Le Maghreb a, en outre, l’obligation de consolider les processus démocratiques. En effet, la réussite des réformes politiques, dans l’ensemble des pays de la région, créera certainement le besoin de réactiver l’UMA. Une union qui devra être portée, non seulement par des liens organiques entre États, mais surtout par les forces de progrès, utiles et émancipées, des sociétés civiles maghrébines. Ainsi, les liens sociétaux auraient-ils plus de chance de se renforcer et agir durablement comme leviers de l’unité maghrébine. Il faudra, par la suite, prendre des mesures urgentes normatives dans le cadre de l’UMA, en mettant à jour les accords déjà signés et assurer l’application de leurs dispositions, tout en procédant à la conclusion de nouveaux accords à caractères global et sectoriel. Les cinq pays membres devraient engager, également, un débat sur l’amendement du traité de Marrakech pour y introduire de nouvelles dispositions institutionnelles et politiques, autour de la démocratisation du processus décisionnel, en renforçant davantage le pouvoir des Conseils des ministres, et mettant en place un parlement élu sur le modèle du parlement européen. Enfin, pour éviter que le Maghreb soit dépendant des conjonctures politiques et géopolitiques internationales, les cinq pays devraient faire preuve d’une forte volonté d’autonomie stratégique vis-à-vis du jeu des grandes puissances, soucieuses de préserver leurs acquis stratégiques, politiques et économiques.

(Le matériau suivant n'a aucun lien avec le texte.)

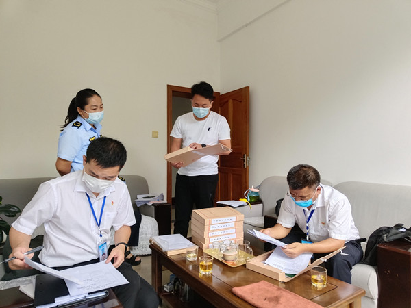 永德縣紀委監委組建專項紀律檢查組,聯合縣市場監督管理局等部門深入商場超市對“天價月餅”、“天價茶”及蟹卡蟹券等節禮進行監督檢查,嚴查背后的腐敗和作風問題。(李健銳 攝)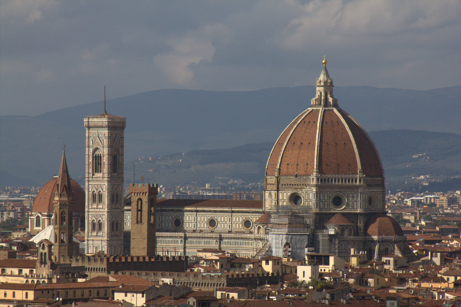 Ich gehe über die Ponte Vecchio auf die andere Seite des Arno. Über ein steiles Sträßchen geht es zum Piazzale Michelangelo, einem Platz von dem ich einen wunderbaren Blick über die Stadt habe. Ich warte ein wenig bis die Sonne hinter den Wolken hervorkommt und den Dom beleuchtet.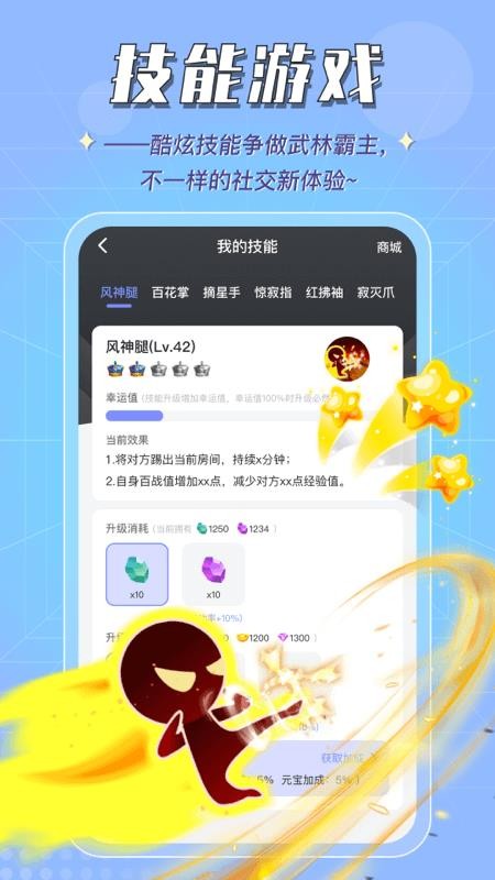 3. 技能游戏:应用内提供了多种技能游戏,如“华山论剑”等,让用户在互动中体验更多的乐趣。

Extraits du Discours du Trône du 31 juillet 2021

«En parallèle avec les initiatives de développement menées au niveau interne, et avec une égale détermination, le Maroc s’attache à poursuivre ses efforts sincères pour consolider la sécurité et la stabilité dans son environnement africain et euro-méditerranéen, et plus particulièrement dans son voisinage maghrébin . Dans le droit fil de cette approche, nous renouvelons notre invitation sincère à nos frères en Algérie, pour œuvrer, de concert et sans conditions, à l’établissement de relations bilatérales fondées sur la confiance, le dialogue et le bon voisinage».

«Entre deux pays voisins et deux peuples frères, l’état normal des choses, c’est notre conviction intime, est que les frontières soient et demeurent ouvertes. En effet, leur fermeture heurte un droit naturel et un principe juridique authentique, consacré par les instruments internationaux, notamment le traité de Marrakech, texte fondateur de l’Union du Maghreb Arabe qui prévoit la libre circulation des personnes, des services, des marchandises et des capitaux entre les pays constitutifs de l’espace maghrébin».

Comment contenir les extrémismes

Selon Rachid El Houdaigui, Senior Fellow au Policy center for the new south et auteur du rapport sur «Le Maghreb en 2020 : quels constats pour quelle perspective ?», la stabilité des États dépendra de leur capacité à réguler, de façon légitime, le clivage idéologique et le caractère composite de la société où la violence demeure, pour l’instant, un moyen majeur de faire de la politique autrement, notamment en Libye et dans le voisinage sahélien. Le risque est grand de voir se propager ce mode opératoire dans l’ensemble du Maghreb, à travers un processus d’imitation. La réceptivité des idées extrémistes, le réveil des communautarismes et la problématique des minorités offrent, également, l’occasion aux réseaux salafistes et aux représentants des minorités de se projeter comme forces transnationales dans l’espace culturel maghrébin. Tout l’espoir repose sur la capacité des processus de transition politique à intégrer pacifiquement ces acteurs infra-étatiques dans un jeu politique consensuel.